# Καβάλα



## seitt

Greetings

From our friend and helper Αγγελος on "Θες άλλο νοίκι;":


> That's an old schoolboy joke, like "Ποια πόλη κυλάει;" (answer: Ο Βόλος, homonymous with βώλος).


Wasn't there likewise a pun about the name of the town Καβάλα? Something about half the inhabitants being καβάλα on the other half? Sorry I'm being so vague – after all it's many years ago I heard it, perhaps it might help if you explain what the various meanings of καβάλα are and give the pun as it is in Greek, or your reconstruction of what it might have been.

Best wishes, and many thanks,

Simon


----------



## Αγγελος

seitt said:


> Wasn't there likewise a pun about the name of the town Καβάλα?

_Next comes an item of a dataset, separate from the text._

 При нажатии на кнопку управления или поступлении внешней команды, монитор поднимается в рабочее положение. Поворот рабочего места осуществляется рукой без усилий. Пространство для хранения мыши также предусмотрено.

More than one, no doubt. καβάλα means "mounted, on horseback" and is a perfectly proper word for that sense (καβαλάω = to mount, to ride; καβαλάρης = a rider on horseback), but just like 'mount' in English, it _also_ has a sexual sense. Hence the double entendre.

When direct interurban dialing was first introduced in Greece in the mid-1960's, the dialer would hear the name of the city after dialing its long-distance code. There was a joke that ran like this: "Dial 0952 and you will hear your heart's desire revealed." (0952 was, of course, the code for Kavala...)

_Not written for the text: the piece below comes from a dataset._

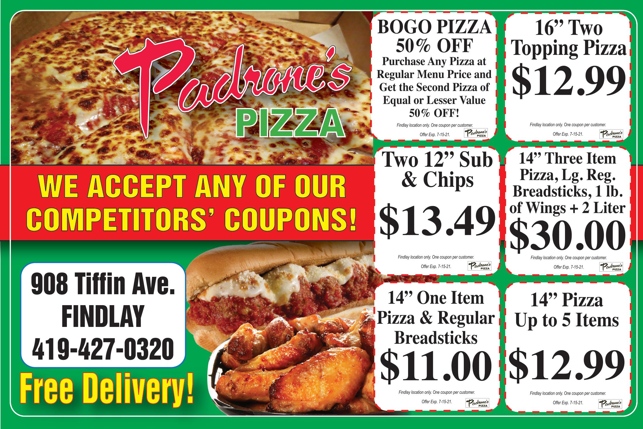 ONLINE ORDERING NOW AVAILABLE www.HeavenlyPizzaFindlay.com WE DELIVER TO: Arcadia, Arlington, Benton Ridge, Bloomdale, Jenera, McComb, Mt. Blanchard, Mt. Cory, North Baltimore, Rawson, Van Buren and Vanlue Sunday and Monday: 3-10pm Tuesday-Thursday: 10:30am to 10pm Friday and Saturday: 10:30am to midnight HOURS: 1404 N. Main St. Findlay 419-423-7494 Follow us on: John 3:16 With coupon. Extra cheese and/or chicken are additional cost. Can not be combined with other offers or coupons. Expires 7/15/21 TMS With coupon. Extra cheese and/or chicken are additional cost. Can not be combined with other offers or coupons. Expires 7/15/21 TMS With coupon. Extra cheese and/or chicken are additional cost. Can not be combined with other offers or coupons. Expires 7/15/21 TMS With coupon. Extra cheese and/or chicken are additional cost. Can not be combined with other offers or coupons. Expires 7/15/21 TMS JR FAMILY PAC Jr. Jumbo pizza, 1 topping, 1 order Cheesestix, 1 order of Wings and 2 liter of pop 24 95 $ $32 95 FAMILY PAC PIZZA 1-Topping, 1 order of cheesestix, 1 order of wings & 2-liter of pop 16” 1 ITEM PIZZA Plus one order of Cheesestix 15 95 $ $24 95 JUMBO DEAL (24 Slices) Cheese & 1-topping & small order of cheesestix or garlic bread With coupon. Extra cheese and/or chicken are additional cost. Can not be combined with other offers or coupons. Expires 7/15/21 TMS With coupon. Extra cheese and/or chicken are additional cost. Can not be combined with other offers or coupons. Expires 7/15/21 TMS With coupon. Extra cheese and/or chicken are additional cost. Can not be combined with other offers or coupons. Expires 7/15/21 TMS With coupon. Extra cheese and/or chicken are additional cost. Can not be combined with other offers or coupons. Expires 7/15/21 TMS ANY TWO LARGE SUBS 12 95 $ $15 95 16” 3-ITEM PIZZA 14” 1-ITEM PIZZA Plus one Large Foldover 2195 $ $21 95 14” PIZZA UP TO 3 ITEMS Plus order of 10 wings

Another joke, in dialog form:
-- Πού μένετε;
-- Στην οδό Καβάλας, με το συμπάθειο.
("με το συμπάθειο", meaning "if you will pardon my mentioning it", is an expression used when mentioning things it is not considered polite to talk about. Peasants will often say "ο γάιδαρος, με το συμπάθειο". There is indeed an οδός Καβάλας in Athens.)


----------



## seitt

Many thanks, fascinating.

I've remembered a bit more about the actual Greek in the pun I heard: Στην Καβάλα, οι μισοί Καβαλινοί (is that what the inhabitants are called?) είναι καβάλα στην άλλη μισή. (Please correct my Greek.)

And please could you give the Greek for "Dial 0952 and you will hear your heart's desire revealed."?


----------



## Andrious

seitt said:


> I've remembered a bit more about the actual Greek in the pun I heard: Στην Καβάλα, οι μισοί Καβαλινοί (is that what the inhabitants are called?) είναι καβάλα στην άλλη μισή. (Please correct my Greek.)
> 
> And please could you give the Greek for "Dial 0952 and you will hear your heart's desire revealed."?



I don´t know anything about these 2 phrases but Kavala´s male inhabitants are called _Καβαλιώτες_ and female _Καβαλιώτισσες_.


----------



## Αγγελος

seitt said:


> Many thanks, fascinating.
> 
> I've remembered a bit more about the actual Greek in the pun I heard: Στην Καβάλα, οι μισοί Καβαλινοί (is that what the inhabitants are called?) είναι καβάλα στην άλλη μισή. (Please correct my Greek.)
> 
> And please could you give the Greek for "Dial 0952 and you will hear your heart's desire revealed."?



Definitely not Καβαλινοί. καβαλίνα means "piece of horse dung".  It should be "Στην Καβάλα, οι μισοί Καβαλιώτες είναι καβάλα στ_ους_ άλλ_ους_ μισ_ούς_" or else "η μισή πόλη είναι καβάλα στην άλλη μισή." I have never heard either version. Both seem rather silly. That males mount females is not peculiar to Kavala, or to the human species for that matter!

The other joke is "Πάρε το 0952 και θ' ακούσεις τον κρυφό σου πόθο". But it only worked for a couple of years in the sixties...


----------



## seitt

Many thanks, excellent.

I suppose most puns are rather silly in a way - but they're most useful for language learning!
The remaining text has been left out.